Greg Otto at fedscoop wrote this interesting piece about IBM’s Watson-as-a-Service.
Otto writes:
IBM announced last week it has moved its cognitive computing system into the cloud to form the Watson Discovery Advisor, allowing researchers, academics and anyone else trying to leverage big data the ability to test programs and hypotheses at speeds never before seen.
Since Watson is built to understand the nuance of natural language, this new service allows researchers to process millions of data points normally impossible for humans to handle. This can reduce project timelines from years to weeks or days.

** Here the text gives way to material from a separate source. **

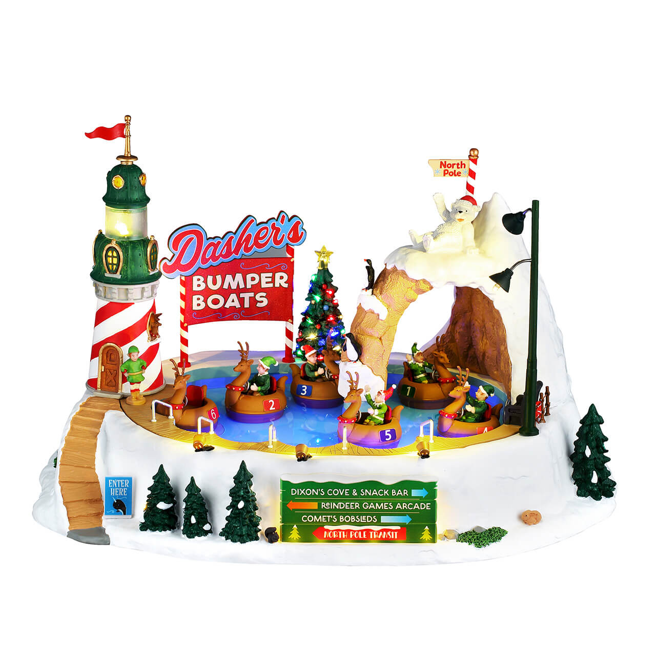 Get ready to get wet at the bumper boat poolthis ride is a splash! Elves steer reindeer rides in joyful loops around the pool in hopes of sneaking up on friends. Every collision is met with a chorus of laughter as fun music fills the air. From the sidelines, Dasher himself watches over the delightful chaos with a smile as his lighthouse flares with sparkling light. Its a ride you dont want to miss!.

The ability to understand natural language queries is a big deal. You can ask, for example: “I’m going to be in Boston. I like basketball. What do you suggest, Watson?” You might get several answers: Celtics tickets, Boston College tickets, Harvard tickets. Or in the offseason, Watson may suggest you drive to the Basketball Hall of Fame in Springfield (MA). Companies are already using Watson this way. Fluid, Inc.’s Watson-based retail solutions deliver granular results to queries such as “I am taking my wife and three children camping in upstate New York in October and I need a tent.” Consider this: Watson has been taught to pass the medical boards. Would you trust it to diagnose you and prescribe medication? What if you claim to be in pain (e.g., back pain, migraines, depression) and Watson doesn’t believe your subjective input? Here’s more food for thought: What if Watson could learn to code? Why not? It’s hardly heretical to suggest that as Watson works with developers, it will one day be able to generate solutions based on a natural language query. That’s equally exciting and worrisome. Now if you want to poke a little fun at Watson, read this Steve Lohr piece in The New York Times (2013) about Watson in the kitchen. Just skim it — the kicker is at the end.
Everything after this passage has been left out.